Insights into electrical bistability of organic films

Several research groups in last years have investigated the electrical bistability of organic films. Indeed some molecular films have the particular properties that the current-voltage electrical characteristic can switch from a low conduction state to a high conduction state when a voltage threshold Vth1 is reached. We have electrical bistability when the switch is reversible in the sense that the electrical characteristic commutates back to the original state of conduction for a voltage Vth2. This suggests it might be possible to demonstrate and to build up high-density memory devices based on bistable molecular films.

Typical switching characteristics of organic electrically bistable materials.

Until present days several mechanisms have been proposed to explain and understand the electrical bistability of molecular films. The proposed mechanisms can be resumed as follows:

  1. the electrical external field (bias), induces a redox equilibrium between two states: the two redox states inside bandgap have different alignments with respect to the electrodes work function and the electrical response is due to different injection or extraction probability of hole/electron observed for the two states;
  2. the electrical external field, induces a charge transfer of electrons from one of the electrodes to the molecules increasing the conjugation;
  3. the organic material acts as an  insulating layer in which a conductive path can be generated by one-dimensional “filament” connecting some conductive elements by quantum tunneling: the conductive elements can be either metal ions diffused from electrodes or oxygen vacancies;
  4. the mechanism of switching is an interface effect between organic layer and top electrode (a metal) where the resistive switching ratio depends on the nature of the oxide and layer thickness. Indeed binary oxide layers can be electrically bistable.

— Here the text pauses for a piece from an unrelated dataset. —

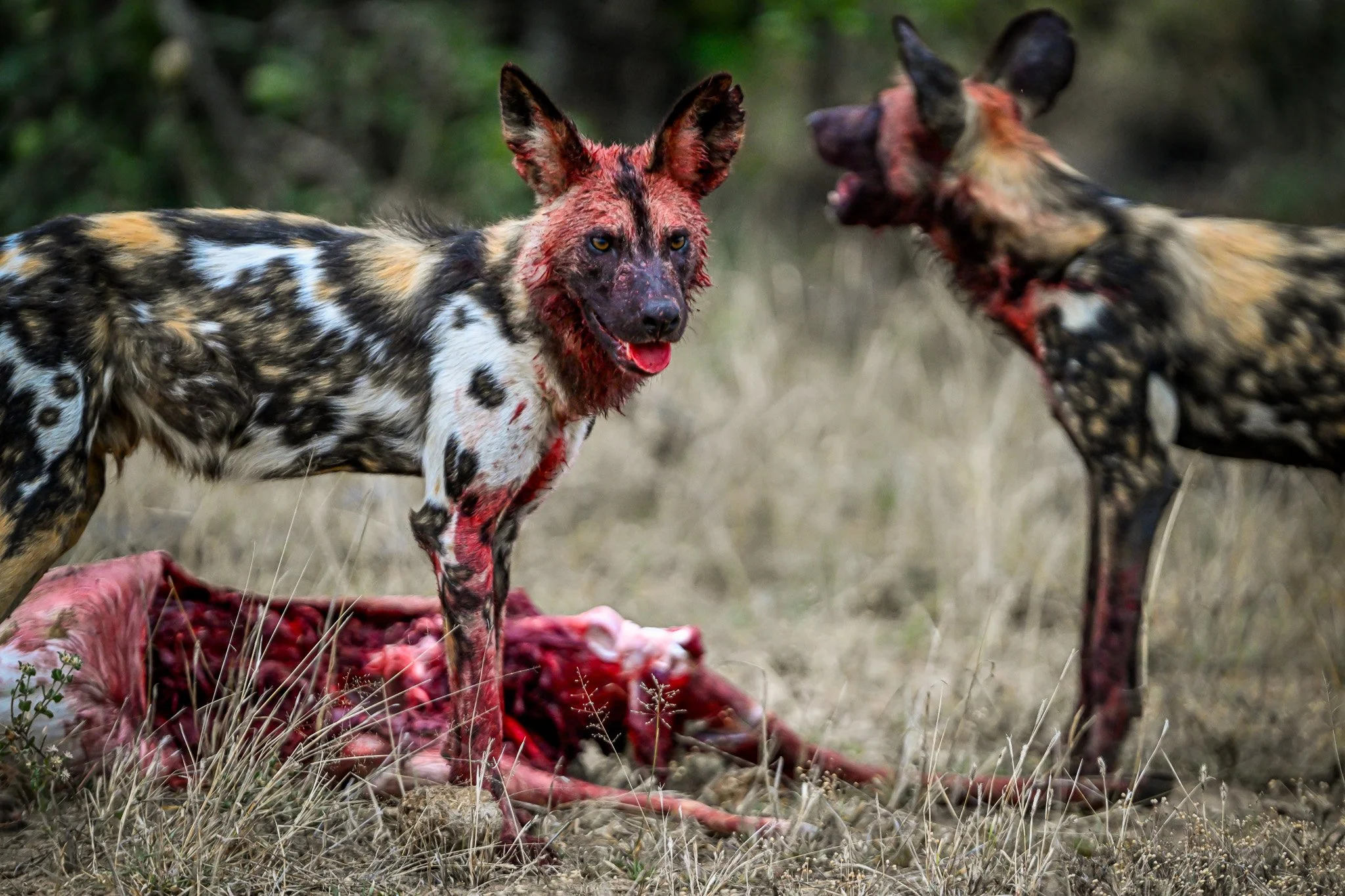 Once these two individuals had worked their way through half the carcass, they were full. They lick their lips and jog together, leaving the messy carcass behind. They are off to find the others and bring them back to feed on the defeated impala.

In the first two models the resistive switching is an intrinsic effect due to the properties of the organic material, while for the mechanisms 3. and 4. the resistive switching is an estrinsic effect due either to the electro-formed filament or to the oxide at the metal electrode-organic layer interface.

In particular, in STMicroelectronics we have investigated the electrical bistability of spin cast films of halogenated fluorescein dyes. In the experiments, the fluorescein dyes organic film is spin cast on ITO or ZnO substrate and aluminum top electrode is evaporated. In particular an ON/OFF ratio as high as 350,000 has been reported for electrical current of the rose bengal (halogenated fluorescein) films, attributed to the very low OFF current, also compared to the OFF current of the fluorescein (not halogenated fluorescein) films indeed with a quite low ON/OFF ratio.

The investigated molecular structures of the investigated fluorescein dyes are shown in figure 1. We calculated the electronic properties of the single molecules within the time dependent density functional theory (TD-DFT) approach. For the modeling of the band structure of the organic crystals, we used the density functional theory (DFT).

Figure 1

Our conclusions have been that for the crystals the erythrosine B (halogenated) and fluorescein (not halogenated)  salt have similar bandwidths, so that halogenated fluorescein dyes including xanthene rings with halogen substituent atoms have resistivity comparable to that of fluorescein salt without halogen atoms. Therefore, the improved ON/OFF ratio of halogenated fluorescein dyes with halogen substituent atoms would be explained in terms of hetero-interface effects rather than in terms of the internal arrangement of the molecules in the crystal.

Therefore we applied the time dependent density functional theory (TD-DFT) approach in order to understand the chemical processes that could be implicated in the formation of a metal oxide layer at the top electrode. Indeed, it has been observed that binary oxide layers can be electrically bistable (mechanism 4.).

The rose bengal showed high quantum yield of the triplet state and, as a result, rose bengal has very strong oxidation properties. Indeed, triplet state could react either by electron-transfer producing free radicals that interacted with oxygen to form active oxygen species or via energy transfer process that generates singlet oxygen. On the other hand, the high electronic affinity of rose bengal confirmed the elevated tendency to reduce itself. Those are oxidation mechanisms able to support the formation of electrically bistable thin oxide layer at the organic layer/electrode interface. The ON/OFF ratio dependeds on the nature of the oxide and layer thickness. Lactone form of fluorescein was characterized by low triplet yield that made films based on this molecule disadvantaged in the formation of oxide layers.

It was found that rose bengal is the molecule more prone to promote the formation of an aluminum oxide layer at the electrode giving rise to electrical bistability via the mechanism 4.

The full paper where we investigated the electrical bistability of fluorescein dye films is:

“New insights into oxidation properties and band structure of fluorescein dyes from ab initio calculations” – F. Buonocore, A. di Matteo,  Theoretical Chemistry Accounts 131, 1130 (2012).